Она позволила мне вволю полюбоваться большими глазами.
– Вы, очевидно, нет, – сказала Джосси. Она слегка склонила голову, задумавшись. – Вы не выглядите скучным надоедой, и вы не ведете себя как скучный надоеда, если можно так выразиться.
– Судьи рассудительны, медсестры милосердны, шахтеры герои, писатели пьют.
– Иными словами, нечего ждать, чтобы люди соответствовали стереотипу.
– Именно.
Она улыбнулась.
– Я знаю Тревора с шести лет.
Негодница. Тревора, без всяких натяжек, едва ли можно причислить к скучным надоедам.
– Продолжайте, – сказала она. -.Почему?
– Безопасность. Стабильная работа. Хороший заработок. Обычные стимулы.
Она скривила губы.
– Вы лжете.
– Почему вы так решили? – Люди, которые просто так рискуют свернуть себе шею на скачках с препятствиями, не бывают помешаны на безопасности, стабильной работе и деньгах.
– Тогда из-за мамы, – небрежно уронил я.
– Она хотела, чтобы вы выбрали эту профессию?
– Нет. – Я заколебался. Я никогда и никому не рассказывал, почему вырос одержимый пламенным рвением, таким же сильным, как истинное призвание. Джосси ждала с насмешливым вниманием.

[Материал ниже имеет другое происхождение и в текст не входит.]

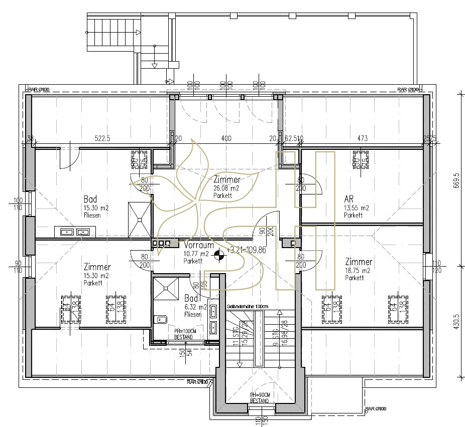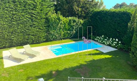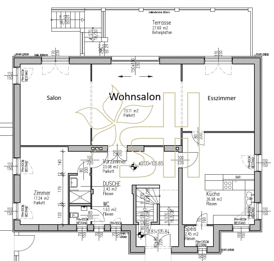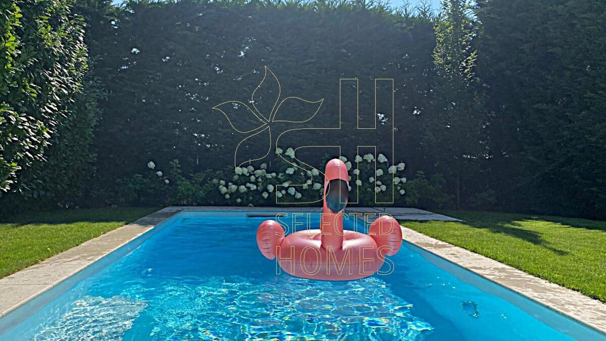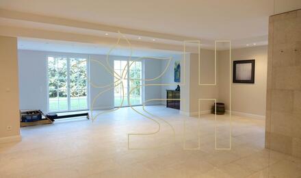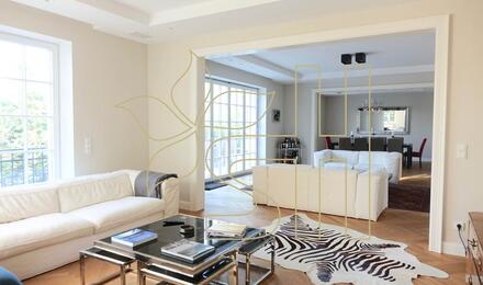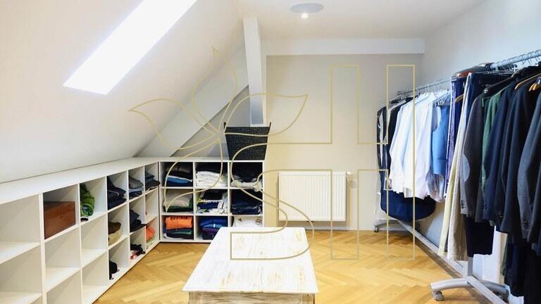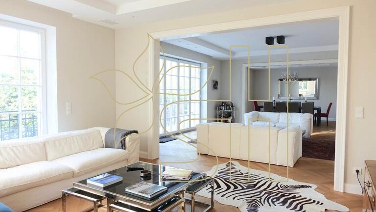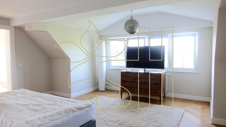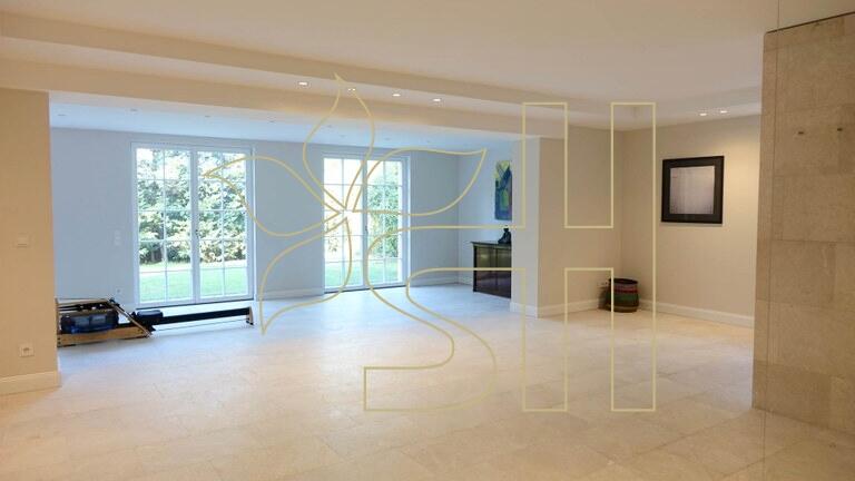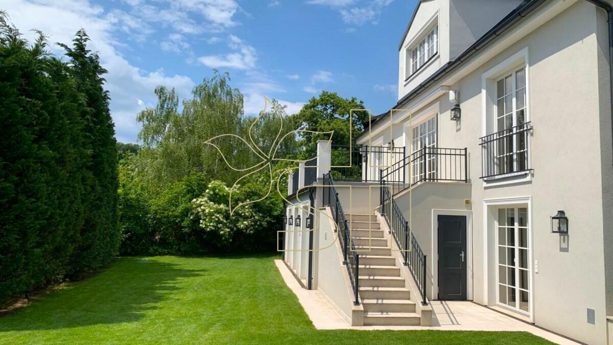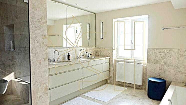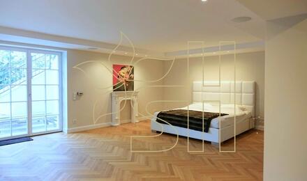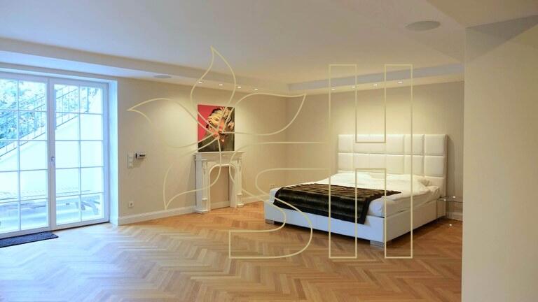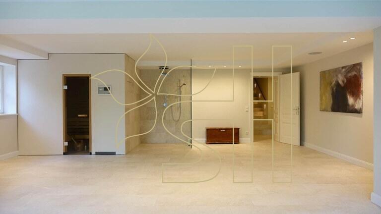 The 3 levels show a representative, 100 m² living & dining area including a huge kitchen and a south facing terrace (38 sqm) as well as up to 6 bedrooms and/or spacious wellness area with sauna and a lot of space for storage. The pool is located in the beautifully arranged south/west garden.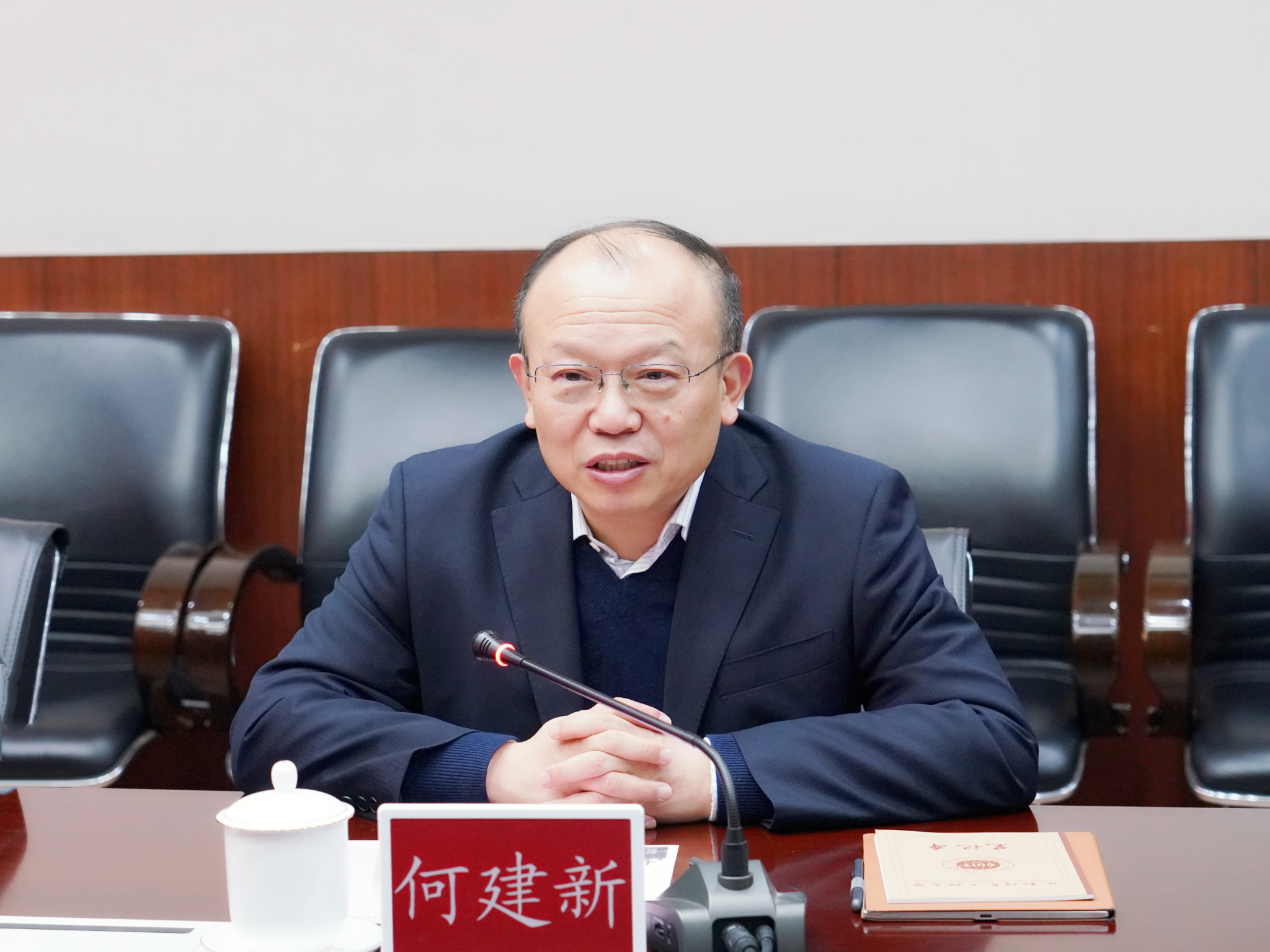 何建新对唐红昇一行表示热烈欢迎,他介绍了学校在人才培养、学科建设和科学研究等方面的基本情况。他指出,围绕气象业务,学校拥有专业的师资队伍与科研平台,希望双方整合资源优势,在人才培养、科学研究、业务培训等方面开展合作,推动双方共同发展。

– У нее был паршивый бухгалтер, – сказал я. – Я обещал ей, что сам займусь нашими делами, когда вырасту. В сущности, все довольно банально.
– Вы так и сделали?
– Нет. Она умерла.
– Душещипательная история.
– Да, я предупреждал. Абсолютно банальная.
Она помешала фрукты соломинкой, иронии в ней немного поубавилось.
– Боитесь, что буду смеяться над вами.
– Уверен, – сказал я.
– Так испытайте меня.
– Ну... она была не очень практичной женщиной, моя мама. Отец погиб во время нелепого несчастного случая, и ей пришлось одной воспитывать меня.
Ей было около тридцати. Мне девять. – Я замолчал.
Джосси действительно не смеялась, поэтому я продолжал, сделав над собой усилие:
– Она арендовала дом почти у самой набережной в Райде и открыла в нем пансион – всего на ступеньку выше обычных меблированных комнат. Удобный, но без права подавать напитки, что-то в этом роде. Таким образом она могла находиться дома, когда я возвращался из школы или наступали каникулы.